Bovendien vraagt het begeleidende Psalmgebed nogmaals
om een diepgaande innerlijke reiniging: ”Ik was mijn
handen in onschuld en ga rondom Uw Altaar o Heer, Om
Uw lof te verkondigen al Uw wonderdaden te vermelden.
Heer, ik bemin de schoonheid van Uw huis, de woonplaats van Uw heerlijkheid. Neem mijn
Ziel niet weg met de Goddelozen, ontneem mij het leven niet met Bloeddorstigen: aan wier
handen misdaad kleeft, wier rechterhand gevuld is met geschenken. Ik echter wandel in
onschuld; verlos mij en ontferm U over mij. Ik volg steeds de rechte weg in het openbaar zal
ik U loven, Heer.” (Ps. 26, 6 ev.).
Suscipe, sancta Trinitas (Aanvaard Heilige Drievuldigheid):
Na de handenwassing verheft de Priester zijn ogen tot het Kruis, slaat de ogen neer en buigt
licht voorover en spreekt met gevouwen handen op het Altaar gelegd het volgende
Opofferingsgebed tot de Heilige Drievuldigheid:
”Aanvaard, Heilige Drievuldigheid dit Offer dat wij U opdragen ter gedachtenis van het
Lijden, de Verrijzenis en de Hemelvaart van Jezus Christus, onze Heer; en ter Ere van de
Heilige Maria, altijd Maagd en van de Heilige Joannes de Doper en van de Heilige Apostelen
Petrus en Paulus en van deze (Wier relikwieën hier rusten) en van alle Heiligen. Het
geschiede hun ter Ere, ons tot Heil; en laten zij zich gewaardigen voor ons in de Hemel ten
beste te spreken, nu wij hun gedachtenis vieren hier op aarde.”
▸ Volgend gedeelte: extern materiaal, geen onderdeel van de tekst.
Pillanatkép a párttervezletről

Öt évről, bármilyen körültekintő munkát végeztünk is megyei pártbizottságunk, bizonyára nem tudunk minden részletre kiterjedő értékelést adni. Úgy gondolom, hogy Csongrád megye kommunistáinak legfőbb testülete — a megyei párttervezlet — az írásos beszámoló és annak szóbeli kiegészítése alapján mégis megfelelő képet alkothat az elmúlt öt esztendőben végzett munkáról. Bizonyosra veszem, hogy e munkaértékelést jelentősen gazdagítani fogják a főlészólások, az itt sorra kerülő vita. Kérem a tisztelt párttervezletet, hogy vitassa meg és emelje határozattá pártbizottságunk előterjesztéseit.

Orate fratres (Bidt broeders):
Met de woorden: ”Bidt broeders, opdat mijn en uw Offer
mogen aanvaard worden door God de almachtige Vader”
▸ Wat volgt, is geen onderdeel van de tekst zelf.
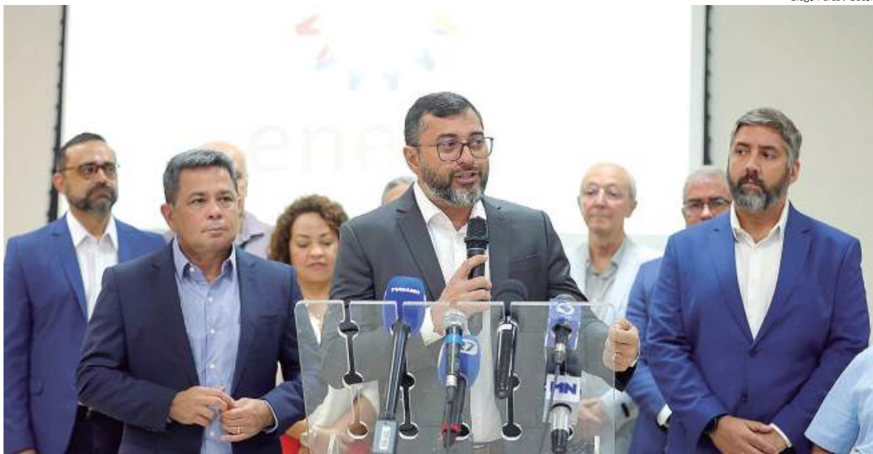
Diego Peres / Secom

wendt de Priester zich nog éénmaal tot het volk, voordat hij
definitief het Innigste Heiligdom betreedt, om zoals Mozes
geheel alleen te zijn met God.
Aan de ene kant wordt door de woorden: ”Mijn en uw
Offer” duidelijk gezegd dat de daadwerkelijke deelname
van de gelovigen een werkelijk innerlijk Meeofferen is en
dat Priester, volk en Altaar in een Heilige
Offergemeenschap met elkaar verbonden zijn.
Aan de andere kant wordt uit het antwoord van de
gelovigen duidelijk dat er geen onduidelijkheid mag
bestaan tussen algemeen (Van alle gedoopten) en bijzonder
(Door de Priesterwijding) Priesterschap, en dat de
wezenlijke Eucharistische Offerakt alléén gebeurt door de
handen van de Priester: ”Moge de Heer het Offer uit uw handen aanvaarden, tot Lof en Eer
van Zijn Naam. Alsmede tot welzijn van ons en van geheel Zijn Heilige Kerk.”
Secreta (Stil gebed):
De uiteindelijke afsluiting van de Offering is bij het bidden van de Secreta, waarbij de boog
die begonnen is bij het Oremus zich weer sluit.
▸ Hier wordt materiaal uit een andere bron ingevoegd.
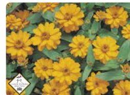
プロフュージョン ダブル ゴールデン
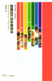
《图像时代的早期阅读》 陈世明 著
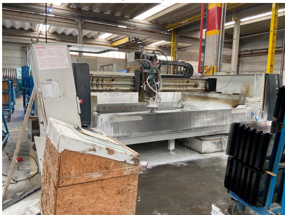
05 - Maquinário
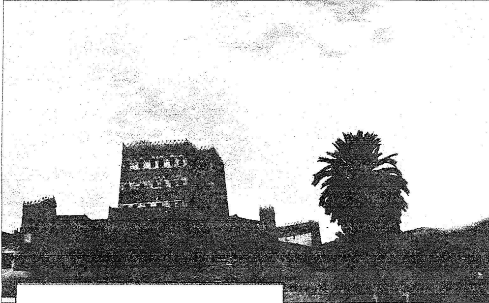
احد المواقع السياحية بنجران
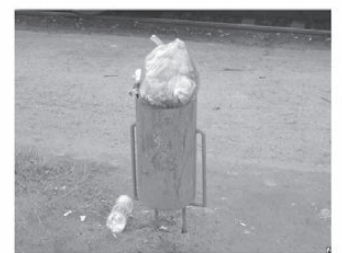
В урне куча бытовых отходов?! Это дело моральных ...

Лица, выбрасывающие в урны мешки с мусором, будут привлечены к административной ответственности.
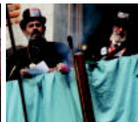
Kabi-Alaiak pregoiari eman zieten hasiera atzo Inauterietan. NICOLA LAFABEU

Secreta wordt zij genoemd omdat dit gebed in stilte wordt gezegd. Gewoonlijk wordt in de
wisselende delen van de Secreta heel bijzonder de Offergedachte beklemtoond, bijvoorbeeld
op Pinkstermaandag: ”Wij smeken U, Heer, Heilig goedgunstig deze gaven: en wil, bij het
aanvaarden van deze Geestelijke Offerande, onszelf tot een voortdurend Offer voor U
maken.” (Secreta van Pinkstermaandag).